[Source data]
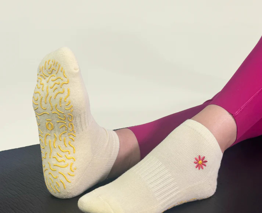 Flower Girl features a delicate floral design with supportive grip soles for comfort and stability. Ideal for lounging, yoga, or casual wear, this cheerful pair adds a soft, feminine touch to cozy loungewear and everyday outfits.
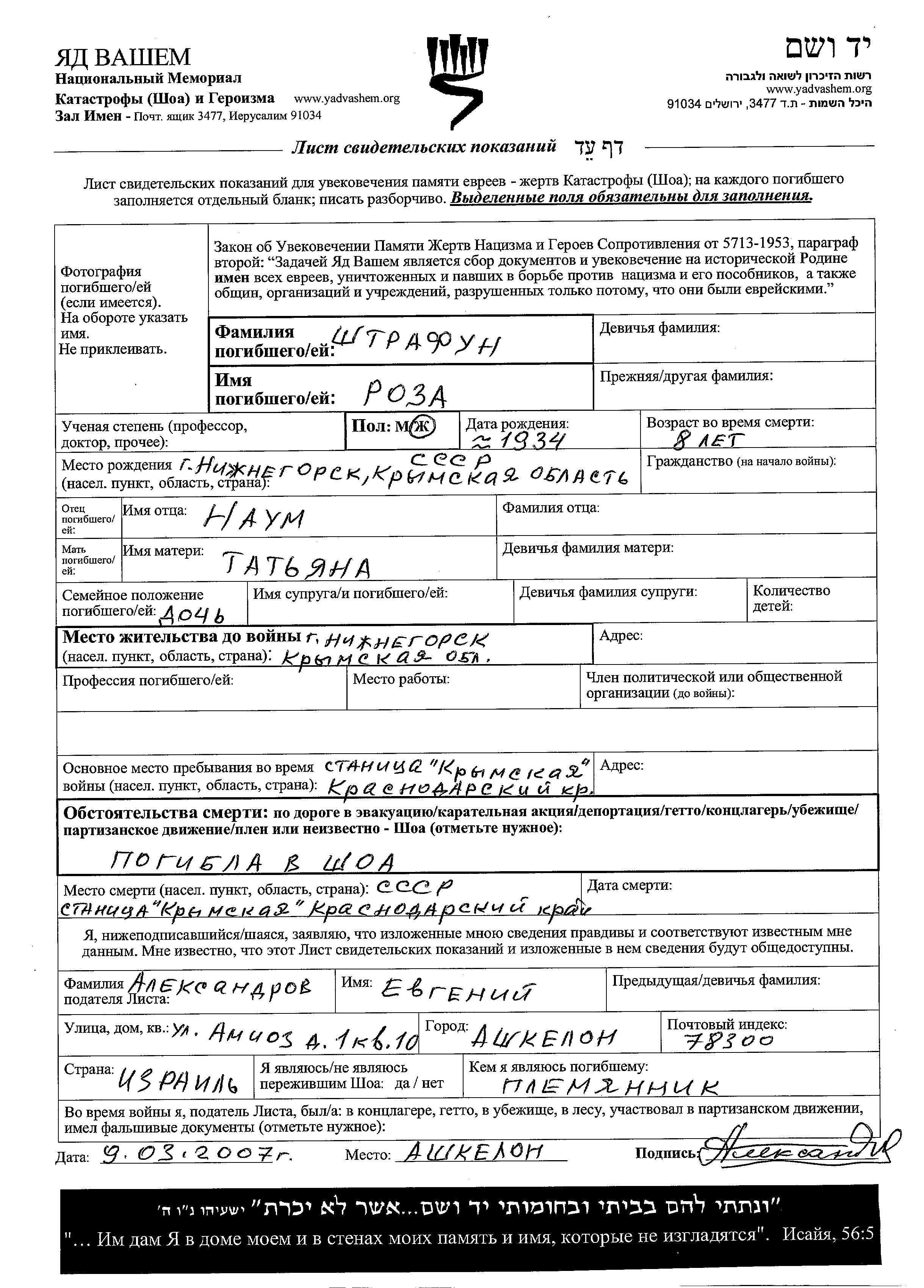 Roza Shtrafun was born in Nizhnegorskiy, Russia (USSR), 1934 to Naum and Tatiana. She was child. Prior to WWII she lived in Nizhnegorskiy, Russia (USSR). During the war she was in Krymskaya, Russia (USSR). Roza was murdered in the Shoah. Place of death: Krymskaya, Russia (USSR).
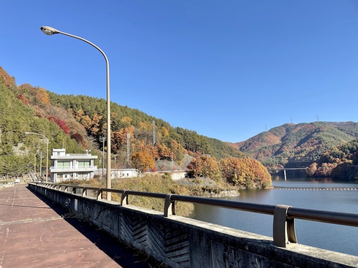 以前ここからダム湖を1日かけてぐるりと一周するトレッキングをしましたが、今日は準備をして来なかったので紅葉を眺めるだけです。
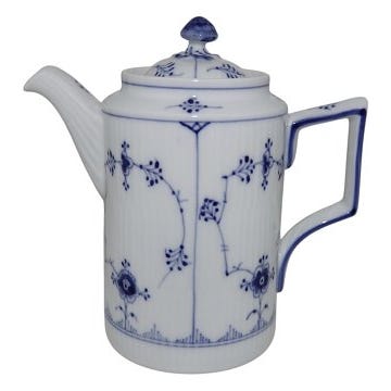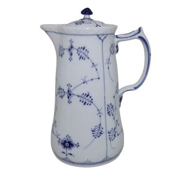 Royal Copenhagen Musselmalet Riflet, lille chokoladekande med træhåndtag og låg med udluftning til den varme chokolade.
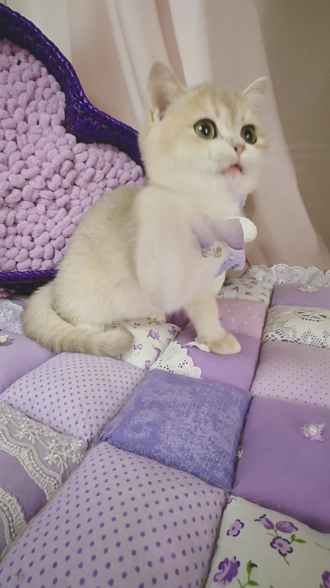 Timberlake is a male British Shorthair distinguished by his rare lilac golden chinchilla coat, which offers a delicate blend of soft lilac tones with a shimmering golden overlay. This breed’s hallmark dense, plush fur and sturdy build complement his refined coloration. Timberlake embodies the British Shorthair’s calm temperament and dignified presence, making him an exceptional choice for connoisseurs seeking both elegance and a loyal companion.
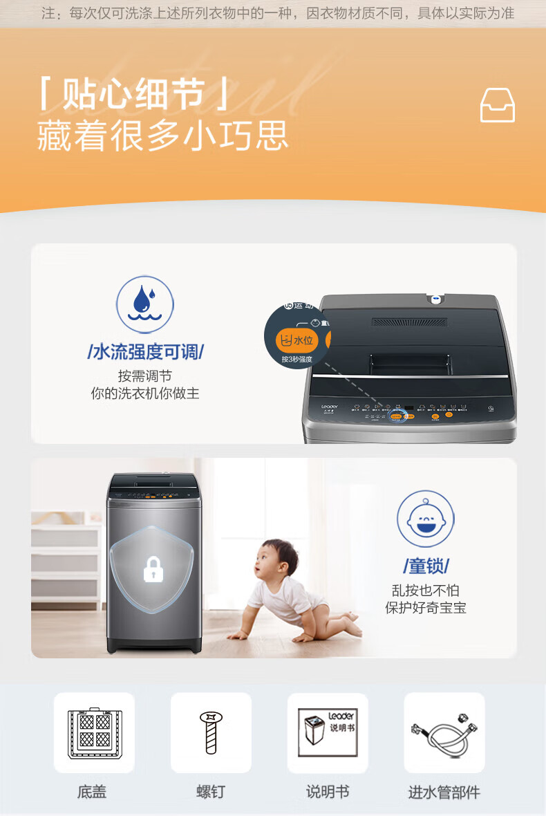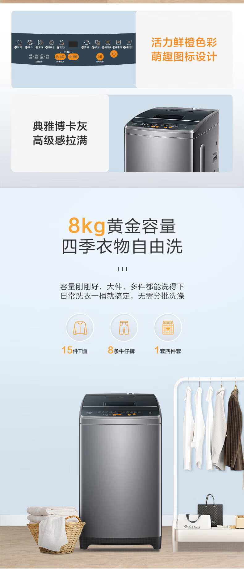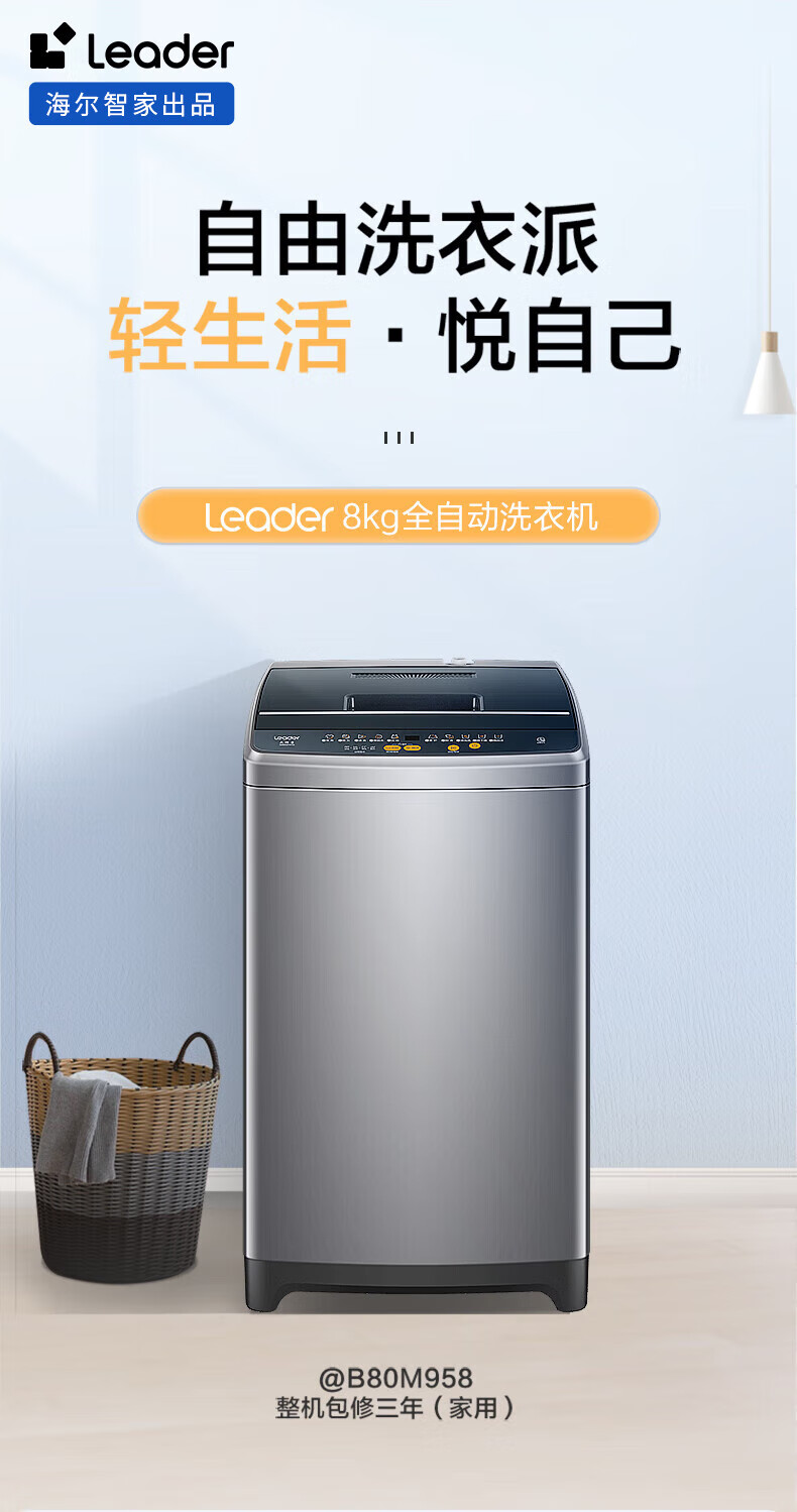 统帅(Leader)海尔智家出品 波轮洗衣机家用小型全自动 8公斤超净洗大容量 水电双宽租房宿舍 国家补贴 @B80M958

Exercise objective => Transcribe exactly the lines above, beginning at the one with "Royal Copenhagen Musselmalet" and going up to and including the one with "Timberlake is a". Pictures do not belong in the copy.

Answer area =>
 Royal Copenhagen Musselmalet Riflet, lille chokoladekande med træhåndtag og låg med udluftning til den varme chokolade.
 Timberlake is a male British Shorthair distinguished by his rare lilac golden chinchilla coat, which offers a delicate blend of soft lilac tones with a shimmering golden overlay. This breed’s hallmark dense, plush fur and sturdy build complement his refined coloration. Timberlake embodies the British Shorthair’s calm temperament and dignified presence, making him an exceptional choice for connoisseurs seeking both elegance and a loyal companion.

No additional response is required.